DirecTV does agree when you truely purchase a reciever from a retail location not involved in their leasing scheme, it is yours. I would be very specific and make sure they are not activated as leased when service is started though.

Our local Wal*art _still_ sells DirecTiVos (R10s). Spoke with the manager and he indicates once it is gone, they are no longer shipping any DirecTV equipment at all (at least that is what he says).


----------



## Clint Lamor (Nov 15, 2005)

morgantown said:


> DirecTV does agree when you truely purchase a reciever from a retail location not involved in their leasing scheme, it is yours. I would be very specific and make sure they are not activated as leased when service is started though.
> 
> Our local Wal*art _still_ sells DirecTiVos (R10s). Spoke with the manager and he indicates once it is gone, they are no longer shipping any DirecTV equipment at all (at least that is what he says).

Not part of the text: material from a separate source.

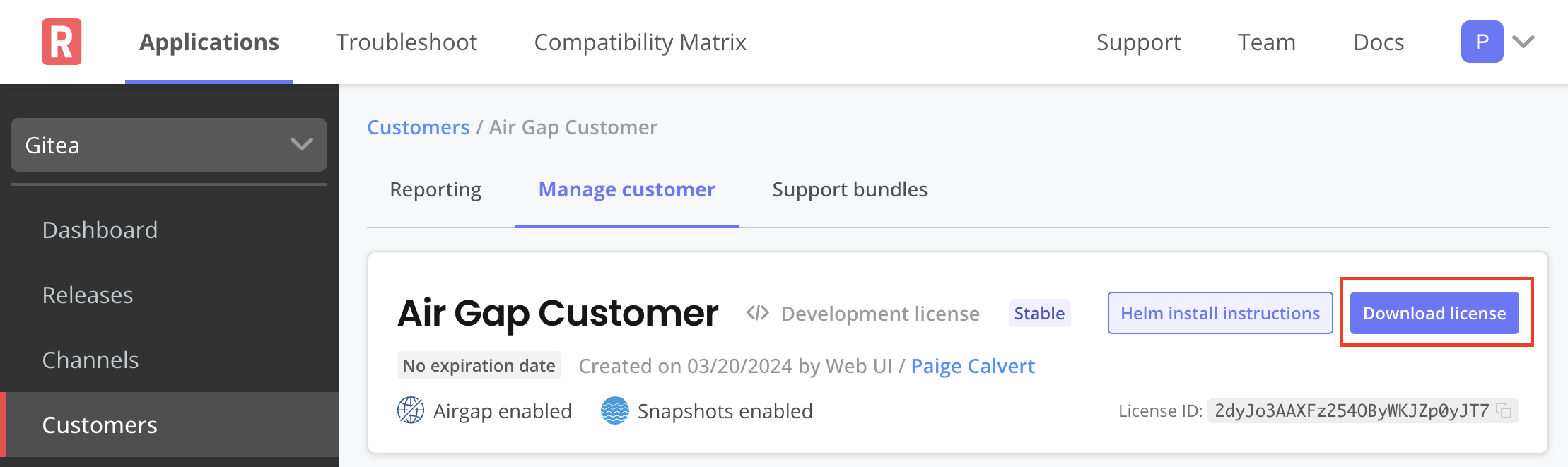 At the top of the screen, click Download license to download the air gap enabled license.

I wouldn't actually doubt him, Walmart is VERY hard to deal with in the supplier side of things. You give them what they want at what they want to pay and you do it how they say or they won't deal with you.


----------



## danpedraza (Sep 16, 2004)

So whats a reasonable price for the extra dvrs. I can get from expert sattelite one free and then the second for 99 dollars. They said they are not allowed to sell more than 2. So where do i go for the other 2 and how much should i pay? 99 dollars 150 dollars? each receiver.


----------



## Clint Lamor (Nov 15, 2005)

you can walk into most any retail store that has DirecTV equipment and pick them up for $99


----------



## Mavrick (Feb 1, 2006)

morgantown said:


> DirecTV does agree when you truely purchase a reciever from a retail location not involved in their leasing scheme, it is yours. I would be very specific and make sure they are not activated as leased when service is started though.
> 
> Our local Wal*art _still_ sells DirecTiVos (R10s). Spoke with the manager and he indicates once it is gone, they are no longer shipping any DirecTV equipment at all (at least that is what he says).


We had a brand new Walmart open last week and they have alot of H20's and R15's in stock. Sure they could have recieved these before the March 1 leasing started but I have a hard time understanding if this is true why they would even stock them in a new store if they know that they will not sell them once the current stock is gone.

Added note to this I check with our old Walmart who had been out of D* recievers for about 2 weeks and an employee told me they had just gotten a new shipment in but they had not been put out on the floor yet but would be doing so this evening that if I wanted on they could go to the back and get one for me.


----------



## dodge boy (Mar 31, 2006)

Check e-bay or others selling used ones, at least you can upgrade them and you own them.


----------



## danpedraza (Sep 16, 2004)

What about after i get the 2 dvrs installed along with 2 standard dtv recievers i call dtv say 1 month later. Will they sell me 2 additional dvrs for 99 dollars each?


----------



## Earl Bonovich (Nov 15, 2005)

Most likely... Yes.

So long as there is no rebate involved in that $99 amount... should not be a problem


----------



## morgantown (Nov 16, 2005)

Mavrick said:


> We had a brand new Walmart open last week and they have alot of H20's and R15's in stock. Sure they could have recieved these before the March 1 leasing started but I have a hard time understanding if this is true why they would even stock them in a new store if they know that they will not sell them once the current stock is gone.
> 
> Added note to this I check with our old Walmart who had been out of D* recievers for about 2 weeks and an employee told me they had just gotten a new shipment in but they had not been put out on the floor yet but would be doing so this evening that if I wanted on they could go to the back and get one for me.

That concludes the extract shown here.